Ответом ему послужил резкий свист, пронзительный и громкий. Илейко и Стефан закрыли ладонями уши, но это не помогало. Казалось, резкий звук раздавался у них внутри голов. Им не было страшно, им сделалось очень страшно. Так бывает перед сходом лавины в горах, или при землетрясении. Предшествуя катаклизму, захлестывает разумы людей всеобъемлющая паника, отключая сознание, подавляя инстинкты.
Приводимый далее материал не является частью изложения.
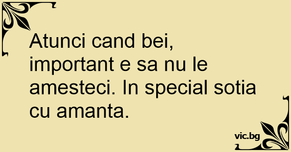 Atunci cand bei, important e sa nu le amesteci. In special sotia cu amanta.

Волосы на голове у Стефана шевелились сами по себе, он начисто забыл, зачем же пришел сюда, что пытал? Только рыцарство, несовместимое само по себе с понятием бегства, заставляло его оставаться на месте. Он вцепился руками в скамейку, глядя прямо перед собой, отмечая, что сзади него что-то перемещается, кто-то перебегает с места на место, и надо бы обернуться, посмотреть, но страшно увидеть то, что не должен видеть человек при жизни. Или он умер, и теперь смерть раскрывает перед ними картины, одна краше другой?

Илейко, сидящего рядом, понятное дело, на месте удержало не рыцарство. Он попросту зажмурился, понимая, что рядом с ним стоит нечто когтистое, клыкастое, жаждущее крови и тянет к нему свои передние и задние лапы. На чем же оно тогда стоит – на хвосте, что ли? Оно хватает Илейку за плечо и говорит:

– Парни, что это было?

Свист постепенно заглох, словно источник его умчался прочь, не переставая, однако, делать свое дело.

Илейко сглотнул пересохшим горлом, но ничего произнести не сумел. Ему на помощь пришел Стефан, дрожащей рукой приглаживая свою странную прическу.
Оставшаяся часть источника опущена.